Pode haver um padrão diferente de fogo, como acontece no continente, porque o abandono permite uma maior acumulação de combustível e isso ter um efeito mais negativo sobre a conservação dessas espécies mas, se assim for, a gestão de combustíveis é a questão chave que, a não ser feita, acentua essas alterações do padrão de fogo.
A ideia de que as políticas de supressão do fogo impedem o fogo é errada, as políticas de supressão do fogo alteram o padrão de fogo no termos que descrevi acima, acentuando os riscos para as espécies que poderiam beneficiar com a supressão do fogo.

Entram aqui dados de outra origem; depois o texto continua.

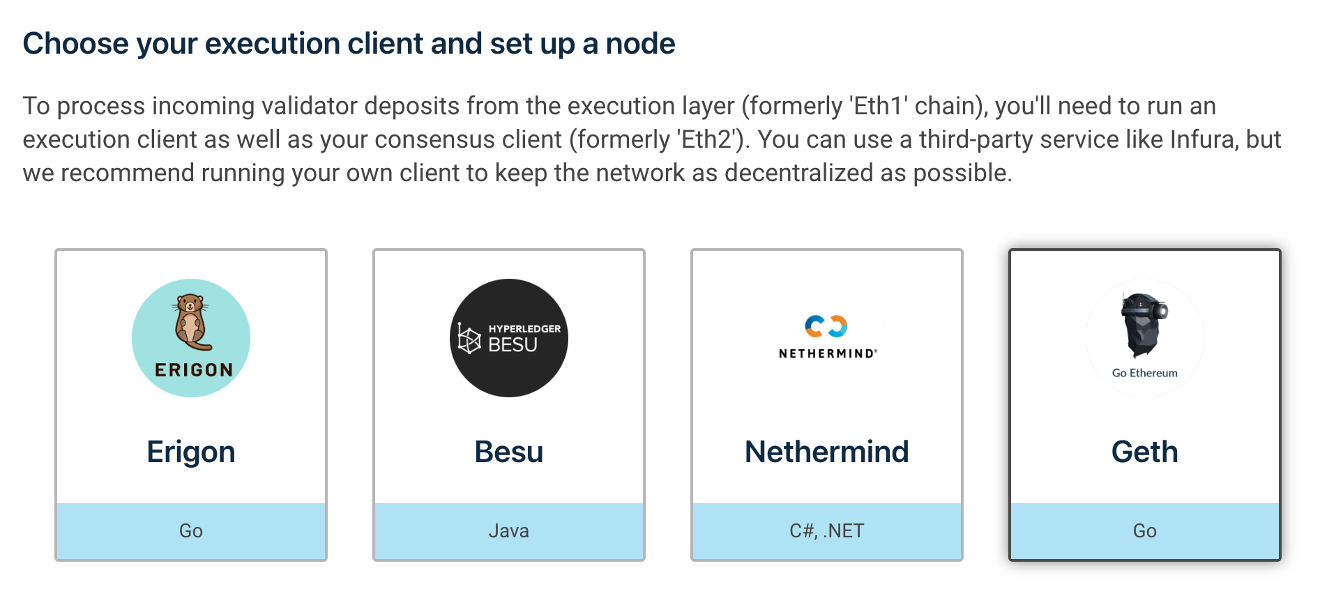 Choose execution client

Bingo! Aqui está o corolário de toda a argumentação fortemente emocional, e cega em relação à ecologia do fogo, que tem dominado os meios da conservação quando falam do fogo na Madeira:
““É um círculo vicioso que começa com um fósforo”, acrescenta, lembrando como a maioria dos fogos têm origem humana — seja por mão criminosa, seja por negligência. No caso deste incêndio da Madeira, já está confirmado que a origem do incêndio foi o lançamento de um foguete e o Ministério Público até já constituiu um arguido na investigação”.
Camaradas, tenho uma novidade para vos dar, o caminho da supressão do fogo sem aumento do conhecimento relacionado com a ecologia do fogo, é um caminho velho em todo o mundo, sempre, sempre, sempre com o mesmo resultado: fogos futuros mais destrutivos.
Darwin anda por aí.
O artigo foi publicado originalmente em Corta-fitas.